_ABOUT THIS EXERCISE_. Going through the material below, output exactly the lines from the one containing "Magnetic Flap: the" through the one containing "under CC BY 4.0", and no pictures.

_DATA IN THIS EXERCISE_.

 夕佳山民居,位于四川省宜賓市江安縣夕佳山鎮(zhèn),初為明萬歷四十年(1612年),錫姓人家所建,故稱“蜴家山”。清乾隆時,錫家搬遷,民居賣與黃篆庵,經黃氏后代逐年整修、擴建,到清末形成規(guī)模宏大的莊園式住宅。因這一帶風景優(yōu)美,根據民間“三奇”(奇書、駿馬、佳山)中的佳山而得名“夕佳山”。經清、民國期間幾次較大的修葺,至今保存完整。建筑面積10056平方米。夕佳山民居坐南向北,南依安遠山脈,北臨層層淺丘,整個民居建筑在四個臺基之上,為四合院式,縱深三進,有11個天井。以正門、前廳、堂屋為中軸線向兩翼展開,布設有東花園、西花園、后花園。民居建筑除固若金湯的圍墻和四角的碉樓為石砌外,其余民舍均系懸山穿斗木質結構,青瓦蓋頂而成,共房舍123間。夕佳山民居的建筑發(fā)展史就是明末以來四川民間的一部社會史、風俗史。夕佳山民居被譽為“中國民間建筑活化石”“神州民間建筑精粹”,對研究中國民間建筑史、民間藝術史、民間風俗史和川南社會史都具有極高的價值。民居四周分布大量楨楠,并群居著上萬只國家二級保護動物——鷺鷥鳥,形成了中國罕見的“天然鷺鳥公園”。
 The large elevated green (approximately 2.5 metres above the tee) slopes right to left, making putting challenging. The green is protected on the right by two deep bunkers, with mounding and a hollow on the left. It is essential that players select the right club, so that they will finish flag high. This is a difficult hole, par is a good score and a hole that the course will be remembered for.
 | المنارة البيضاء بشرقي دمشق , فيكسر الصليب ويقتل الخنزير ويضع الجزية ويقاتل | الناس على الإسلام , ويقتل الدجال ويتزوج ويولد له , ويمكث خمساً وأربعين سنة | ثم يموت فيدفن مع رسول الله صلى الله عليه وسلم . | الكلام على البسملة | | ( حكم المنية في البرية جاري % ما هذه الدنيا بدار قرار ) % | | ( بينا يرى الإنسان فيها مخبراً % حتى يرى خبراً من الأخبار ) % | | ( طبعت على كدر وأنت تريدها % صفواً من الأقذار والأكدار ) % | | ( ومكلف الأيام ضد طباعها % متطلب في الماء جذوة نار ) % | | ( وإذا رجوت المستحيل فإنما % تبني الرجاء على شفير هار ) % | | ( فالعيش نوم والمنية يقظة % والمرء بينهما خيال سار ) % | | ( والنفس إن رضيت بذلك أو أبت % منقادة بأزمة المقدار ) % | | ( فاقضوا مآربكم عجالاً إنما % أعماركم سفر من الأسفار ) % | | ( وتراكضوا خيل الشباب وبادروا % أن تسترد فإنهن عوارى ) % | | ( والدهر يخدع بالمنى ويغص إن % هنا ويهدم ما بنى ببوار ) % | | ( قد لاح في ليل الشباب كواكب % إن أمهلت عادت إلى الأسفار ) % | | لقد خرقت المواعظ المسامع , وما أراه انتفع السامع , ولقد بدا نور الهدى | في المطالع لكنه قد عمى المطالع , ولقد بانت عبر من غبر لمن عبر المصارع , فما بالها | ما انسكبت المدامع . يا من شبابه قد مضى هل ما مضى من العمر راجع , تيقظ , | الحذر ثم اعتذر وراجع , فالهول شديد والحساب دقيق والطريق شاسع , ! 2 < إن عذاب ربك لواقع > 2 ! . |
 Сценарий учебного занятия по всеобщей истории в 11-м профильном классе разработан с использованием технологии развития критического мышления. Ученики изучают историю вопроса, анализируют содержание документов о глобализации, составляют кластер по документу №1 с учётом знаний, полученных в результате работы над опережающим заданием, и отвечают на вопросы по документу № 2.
---
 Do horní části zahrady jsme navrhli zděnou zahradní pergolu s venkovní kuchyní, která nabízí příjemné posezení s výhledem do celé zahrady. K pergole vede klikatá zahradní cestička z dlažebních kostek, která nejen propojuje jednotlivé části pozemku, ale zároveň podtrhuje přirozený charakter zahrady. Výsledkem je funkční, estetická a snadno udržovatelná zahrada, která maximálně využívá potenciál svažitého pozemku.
* * *
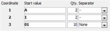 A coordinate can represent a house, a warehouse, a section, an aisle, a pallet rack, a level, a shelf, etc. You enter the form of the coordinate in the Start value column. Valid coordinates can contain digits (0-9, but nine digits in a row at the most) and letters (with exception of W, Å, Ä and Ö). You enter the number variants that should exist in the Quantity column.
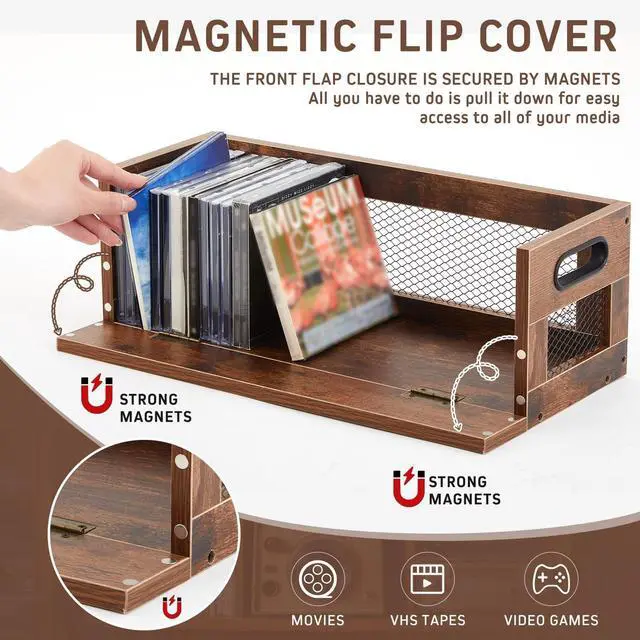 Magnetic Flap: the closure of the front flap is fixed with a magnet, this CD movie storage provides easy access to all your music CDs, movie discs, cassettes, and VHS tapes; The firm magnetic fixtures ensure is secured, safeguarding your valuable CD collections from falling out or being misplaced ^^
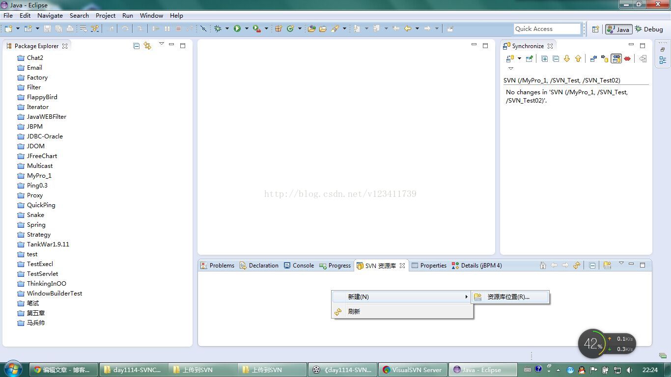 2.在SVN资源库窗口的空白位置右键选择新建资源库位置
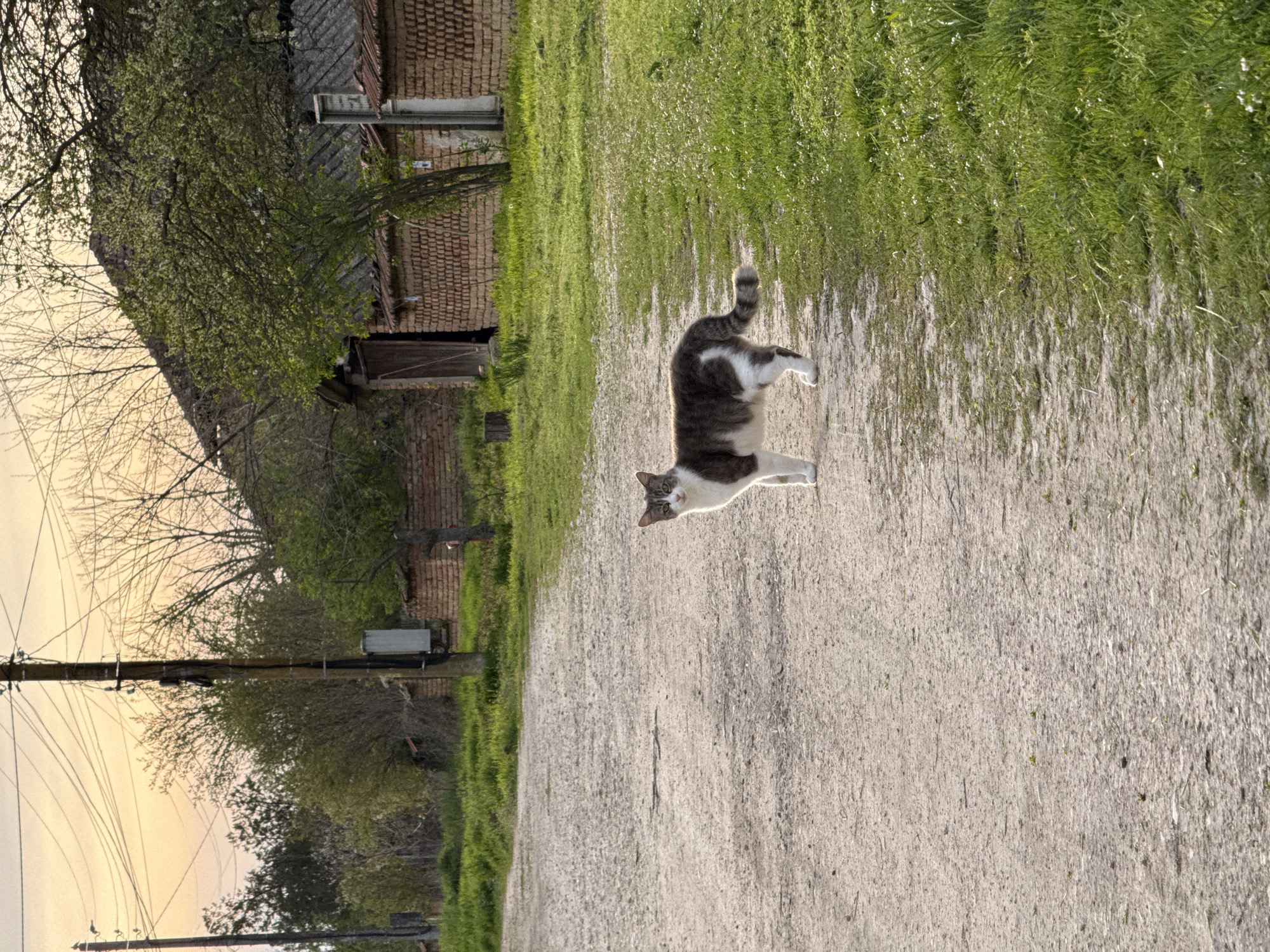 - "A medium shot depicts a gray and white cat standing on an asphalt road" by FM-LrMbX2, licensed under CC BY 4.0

_TASK RESULT_.
 Magnetic Flap: the closure of the front flap is fixed with a magnet, this CD movie storage provides easy access to all your music CDs, movie discs, cassettes, and VHS tapes; The firm magnetic fixtures ensure is secured, safeguarding your valuable CD collections from falling out or being misplaced ^^
 2.在SVN资源库窗口的空白位置右键选择新建资源库位置
 - "A medium shot depicts a gray and white cat standing on an asphalt road" by FM-LrMbX2, licensed under CC BY 4.0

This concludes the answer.